One of the concerns the reviewers cited was a question of scope: despite the generality of the framework, most of my experiments were on the multi-armed bandit setting. Another main concern was the applicability: you’ve created this framework, and created some toy experiments that you’ve solved with PPO, but what are the actual takeaways? Are there any theorems that show this? Finally, many of the reviewers were confused, and thought that we were using PPO to solve the human’s policy.

After getting rejected from ICML in April of 2018, I didn’t get around to really working on the paper until I graduated from my undergrad and became a graduate student at UC Berkeley.

I started work on the project in earnest in August of 2018. First, we decided to cut back the scope and reframe the project: instead of “cooperative reinforcement learning”, we’d focus on the bandit environments and retitle it the “assistive multi-armed bandit”. Second, I decided to write up some of the theory behind the formalism, which was a lot easier due to the scope reduction.^[11]

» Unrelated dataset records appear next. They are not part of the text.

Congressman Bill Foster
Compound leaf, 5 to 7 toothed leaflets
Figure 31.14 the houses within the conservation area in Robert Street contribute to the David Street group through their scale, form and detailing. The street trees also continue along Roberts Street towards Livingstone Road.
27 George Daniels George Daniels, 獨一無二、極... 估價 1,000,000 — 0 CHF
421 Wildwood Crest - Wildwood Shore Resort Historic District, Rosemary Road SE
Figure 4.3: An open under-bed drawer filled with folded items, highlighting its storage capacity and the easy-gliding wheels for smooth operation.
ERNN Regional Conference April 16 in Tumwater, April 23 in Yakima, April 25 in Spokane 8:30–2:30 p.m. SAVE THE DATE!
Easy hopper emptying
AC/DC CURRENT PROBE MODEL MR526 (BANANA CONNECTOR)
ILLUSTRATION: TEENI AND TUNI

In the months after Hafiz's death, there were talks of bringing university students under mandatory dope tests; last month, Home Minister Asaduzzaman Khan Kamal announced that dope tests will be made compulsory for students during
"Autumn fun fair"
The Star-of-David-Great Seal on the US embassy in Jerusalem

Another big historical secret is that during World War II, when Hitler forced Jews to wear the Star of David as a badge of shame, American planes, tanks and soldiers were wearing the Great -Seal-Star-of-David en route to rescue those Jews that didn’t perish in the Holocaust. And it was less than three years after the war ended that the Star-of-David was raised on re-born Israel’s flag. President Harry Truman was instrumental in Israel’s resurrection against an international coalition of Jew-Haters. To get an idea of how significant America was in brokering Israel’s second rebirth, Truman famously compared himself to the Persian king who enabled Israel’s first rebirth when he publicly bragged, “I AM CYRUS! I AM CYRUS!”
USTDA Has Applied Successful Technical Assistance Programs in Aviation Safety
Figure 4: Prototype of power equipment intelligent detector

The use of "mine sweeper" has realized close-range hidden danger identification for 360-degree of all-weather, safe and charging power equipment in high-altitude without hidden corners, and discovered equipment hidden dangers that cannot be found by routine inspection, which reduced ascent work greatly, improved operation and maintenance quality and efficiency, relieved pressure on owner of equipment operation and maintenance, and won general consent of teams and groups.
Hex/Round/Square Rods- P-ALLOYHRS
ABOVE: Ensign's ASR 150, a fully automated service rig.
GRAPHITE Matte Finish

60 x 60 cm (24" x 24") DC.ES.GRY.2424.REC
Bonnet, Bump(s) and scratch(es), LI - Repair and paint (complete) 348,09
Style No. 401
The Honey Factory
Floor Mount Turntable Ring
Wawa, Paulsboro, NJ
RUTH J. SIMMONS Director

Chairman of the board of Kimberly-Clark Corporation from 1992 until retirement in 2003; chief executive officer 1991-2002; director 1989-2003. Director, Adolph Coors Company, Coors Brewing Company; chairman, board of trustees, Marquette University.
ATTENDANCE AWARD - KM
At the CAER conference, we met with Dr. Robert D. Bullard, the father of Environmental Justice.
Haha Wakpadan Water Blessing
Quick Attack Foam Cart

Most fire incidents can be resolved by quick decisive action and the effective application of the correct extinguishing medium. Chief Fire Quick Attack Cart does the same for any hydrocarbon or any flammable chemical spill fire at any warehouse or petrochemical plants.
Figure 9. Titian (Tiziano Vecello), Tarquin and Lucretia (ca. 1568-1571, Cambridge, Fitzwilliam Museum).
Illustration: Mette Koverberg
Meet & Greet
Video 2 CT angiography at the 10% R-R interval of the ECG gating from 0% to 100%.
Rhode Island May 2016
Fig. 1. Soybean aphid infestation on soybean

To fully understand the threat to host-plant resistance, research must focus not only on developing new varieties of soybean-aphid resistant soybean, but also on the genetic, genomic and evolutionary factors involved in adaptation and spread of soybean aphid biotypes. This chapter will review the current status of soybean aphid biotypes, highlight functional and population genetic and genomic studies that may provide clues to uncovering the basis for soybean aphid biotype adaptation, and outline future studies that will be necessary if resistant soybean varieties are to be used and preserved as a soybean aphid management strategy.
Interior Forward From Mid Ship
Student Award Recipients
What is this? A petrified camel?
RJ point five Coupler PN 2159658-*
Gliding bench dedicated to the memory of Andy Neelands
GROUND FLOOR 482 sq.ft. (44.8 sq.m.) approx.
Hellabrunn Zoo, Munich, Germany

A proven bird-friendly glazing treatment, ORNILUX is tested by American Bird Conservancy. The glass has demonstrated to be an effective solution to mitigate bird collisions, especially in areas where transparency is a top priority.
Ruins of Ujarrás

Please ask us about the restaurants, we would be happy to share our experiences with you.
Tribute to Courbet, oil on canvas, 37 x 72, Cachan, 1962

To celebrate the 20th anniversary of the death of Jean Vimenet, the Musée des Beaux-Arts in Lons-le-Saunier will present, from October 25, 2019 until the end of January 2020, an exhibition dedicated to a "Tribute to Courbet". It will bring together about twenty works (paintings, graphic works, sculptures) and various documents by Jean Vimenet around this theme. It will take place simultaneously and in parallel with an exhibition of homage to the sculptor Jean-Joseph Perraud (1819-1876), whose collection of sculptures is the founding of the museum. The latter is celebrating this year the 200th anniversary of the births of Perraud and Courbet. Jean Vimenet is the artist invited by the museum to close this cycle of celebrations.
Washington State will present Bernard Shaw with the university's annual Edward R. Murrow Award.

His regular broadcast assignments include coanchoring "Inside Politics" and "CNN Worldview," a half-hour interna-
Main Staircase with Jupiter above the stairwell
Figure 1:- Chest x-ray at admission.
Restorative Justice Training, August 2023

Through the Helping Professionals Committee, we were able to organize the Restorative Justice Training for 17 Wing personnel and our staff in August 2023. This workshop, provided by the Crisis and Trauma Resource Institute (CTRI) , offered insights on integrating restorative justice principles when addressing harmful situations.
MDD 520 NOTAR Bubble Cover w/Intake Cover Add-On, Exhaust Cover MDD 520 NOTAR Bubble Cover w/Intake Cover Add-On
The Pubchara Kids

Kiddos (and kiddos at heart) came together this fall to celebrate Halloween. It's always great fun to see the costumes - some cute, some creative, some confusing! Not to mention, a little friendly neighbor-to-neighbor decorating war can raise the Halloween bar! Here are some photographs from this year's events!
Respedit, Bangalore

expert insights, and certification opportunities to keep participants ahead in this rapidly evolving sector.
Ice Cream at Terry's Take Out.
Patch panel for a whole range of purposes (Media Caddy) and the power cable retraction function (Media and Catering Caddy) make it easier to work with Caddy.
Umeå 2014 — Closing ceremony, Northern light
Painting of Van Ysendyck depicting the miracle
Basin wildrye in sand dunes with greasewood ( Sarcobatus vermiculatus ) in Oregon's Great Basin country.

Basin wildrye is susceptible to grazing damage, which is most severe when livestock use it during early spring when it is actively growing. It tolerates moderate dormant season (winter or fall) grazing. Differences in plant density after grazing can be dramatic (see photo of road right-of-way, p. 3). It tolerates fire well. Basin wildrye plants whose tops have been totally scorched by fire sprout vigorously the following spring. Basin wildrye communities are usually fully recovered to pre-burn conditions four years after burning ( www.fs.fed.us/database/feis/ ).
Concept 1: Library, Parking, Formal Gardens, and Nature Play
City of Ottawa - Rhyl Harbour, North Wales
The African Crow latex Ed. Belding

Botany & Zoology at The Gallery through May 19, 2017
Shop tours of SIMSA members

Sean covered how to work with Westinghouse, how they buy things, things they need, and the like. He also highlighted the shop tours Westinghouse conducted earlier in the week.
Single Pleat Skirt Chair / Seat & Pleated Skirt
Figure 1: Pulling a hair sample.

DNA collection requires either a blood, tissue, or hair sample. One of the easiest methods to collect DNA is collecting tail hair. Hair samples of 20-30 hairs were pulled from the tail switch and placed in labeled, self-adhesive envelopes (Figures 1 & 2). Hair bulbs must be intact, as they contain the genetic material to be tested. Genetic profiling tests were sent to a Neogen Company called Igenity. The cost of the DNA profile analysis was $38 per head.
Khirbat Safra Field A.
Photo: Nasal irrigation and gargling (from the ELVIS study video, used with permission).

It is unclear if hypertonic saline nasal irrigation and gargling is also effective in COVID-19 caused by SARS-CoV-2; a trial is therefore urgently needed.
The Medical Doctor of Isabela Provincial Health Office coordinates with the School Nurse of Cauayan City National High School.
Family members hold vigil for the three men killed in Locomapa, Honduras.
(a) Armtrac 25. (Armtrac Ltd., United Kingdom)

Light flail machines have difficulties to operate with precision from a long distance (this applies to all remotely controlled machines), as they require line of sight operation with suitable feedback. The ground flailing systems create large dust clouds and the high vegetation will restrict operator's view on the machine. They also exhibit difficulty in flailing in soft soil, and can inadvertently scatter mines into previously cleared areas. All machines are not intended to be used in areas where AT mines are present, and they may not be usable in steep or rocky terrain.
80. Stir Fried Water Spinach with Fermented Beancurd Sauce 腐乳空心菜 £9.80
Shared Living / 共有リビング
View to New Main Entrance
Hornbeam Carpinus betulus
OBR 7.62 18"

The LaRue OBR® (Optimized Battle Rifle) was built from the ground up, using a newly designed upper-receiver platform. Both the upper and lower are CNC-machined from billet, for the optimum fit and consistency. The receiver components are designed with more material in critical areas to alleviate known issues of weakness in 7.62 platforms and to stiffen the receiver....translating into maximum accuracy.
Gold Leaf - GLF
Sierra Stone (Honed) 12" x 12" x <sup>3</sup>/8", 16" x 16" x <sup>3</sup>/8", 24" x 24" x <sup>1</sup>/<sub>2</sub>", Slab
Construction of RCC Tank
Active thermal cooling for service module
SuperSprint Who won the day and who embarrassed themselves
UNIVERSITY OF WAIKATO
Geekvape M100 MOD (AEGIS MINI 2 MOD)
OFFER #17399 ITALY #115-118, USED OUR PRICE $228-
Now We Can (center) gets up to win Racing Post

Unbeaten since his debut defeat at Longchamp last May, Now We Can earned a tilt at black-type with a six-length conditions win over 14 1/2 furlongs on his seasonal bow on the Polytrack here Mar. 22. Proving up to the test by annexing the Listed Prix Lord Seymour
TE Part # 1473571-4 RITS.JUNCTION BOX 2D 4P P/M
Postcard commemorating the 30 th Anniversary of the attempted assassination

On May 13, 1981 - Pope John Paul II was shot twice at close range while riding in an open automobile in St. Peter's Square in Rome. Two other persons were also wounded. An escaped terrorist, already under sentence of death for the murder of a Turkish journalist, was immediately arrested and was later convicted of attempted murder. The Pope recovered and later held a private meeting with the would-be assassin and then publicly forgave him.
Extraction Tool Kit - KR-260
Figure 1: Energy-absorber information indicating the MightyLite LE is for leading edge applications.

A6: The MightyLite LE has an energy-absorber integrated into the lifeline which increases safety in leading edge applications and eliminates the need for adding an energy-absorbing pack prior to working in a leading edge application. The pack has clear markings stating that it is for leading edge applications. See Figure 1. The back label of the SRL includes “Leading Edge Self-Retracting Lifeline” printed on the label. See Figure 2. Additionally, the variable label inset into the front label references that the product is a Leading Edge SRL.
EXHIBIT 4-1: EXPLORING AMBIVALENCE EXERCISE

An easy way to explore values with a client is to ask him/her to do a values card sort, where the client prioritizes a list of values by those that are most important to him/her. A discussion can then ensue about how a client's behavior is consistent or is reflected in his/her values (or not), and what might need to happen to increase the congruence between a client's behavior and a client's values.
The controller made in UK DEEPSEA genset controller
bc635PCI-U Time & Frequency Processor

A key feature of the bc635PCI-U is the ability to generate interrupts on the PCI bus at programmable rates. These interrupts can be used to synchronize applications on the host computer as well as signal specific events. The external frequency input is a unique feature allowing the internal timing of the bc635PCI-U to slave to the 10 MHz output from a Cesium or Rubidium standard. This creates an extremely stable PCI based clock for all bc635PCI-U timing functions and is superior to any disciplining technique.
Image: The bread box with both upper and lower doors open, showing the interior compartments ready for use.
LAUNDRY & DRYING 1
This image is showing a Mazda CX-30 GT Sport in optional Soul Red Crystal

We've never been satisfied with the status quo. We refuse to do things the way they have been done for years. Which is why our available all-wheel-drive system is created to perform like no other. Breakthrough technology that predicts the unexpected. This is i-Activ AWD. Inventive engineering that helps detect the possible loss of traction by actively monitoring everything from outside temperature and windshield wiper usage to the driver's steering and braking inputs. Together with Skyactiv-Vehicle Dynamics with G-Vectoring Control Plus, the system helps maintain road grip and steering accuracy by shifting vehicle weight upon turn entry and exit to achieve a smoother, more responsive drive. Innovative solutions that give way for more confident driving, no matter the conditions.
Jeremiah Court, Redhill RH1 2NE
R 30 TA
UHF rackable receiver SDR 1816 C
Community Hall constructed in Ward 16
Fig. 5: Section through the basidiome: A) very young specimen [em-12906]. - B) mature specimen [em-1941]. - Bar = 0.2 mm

Unfortunately, the work was not done by the ICLR 2019 deadline, and so we submitted the paper to HRI 2019, a smaller conference that the two professors on the paper were a fan of.

The paper got decent (but not stellar) reviews, and was accepted for publication there. After being accepted, I put the paper on Arxiv in January of 2019.

For what it’s worth, I think the 19-month timeline here is pretty typical for undergraduate-first-authored summer-internship papers that don’t get written up during or immediately after the internship. Worth a separate post someday on whether that pattern is a bug or a feature.

What’s happened since?

To a large extent, I think no one in AI safety has really built upon the work. I’ll say more about why I think this happened tomorrow, but the main reason is that assistance game-style formalisms never really saw much traction. Indeed, by 2022, “train a reward model on human preferences and RL a neural network against it” had become the default in AI, but this happened in a much cruder form than CIRL or the assistive bandits paper proposed: there was no jointly acting human alongside the AI, and no explicit consideration of the human’s uncertainty about their preferences. I think in the end, assistance games-style formalisms were just too hard to directly apply to large models and complicated settings in practice. And from a theoretical or conceptual perspective, I think the formalisms were just not very fruitful; people have largely abandoned the study of reward learning formalisms for a reason.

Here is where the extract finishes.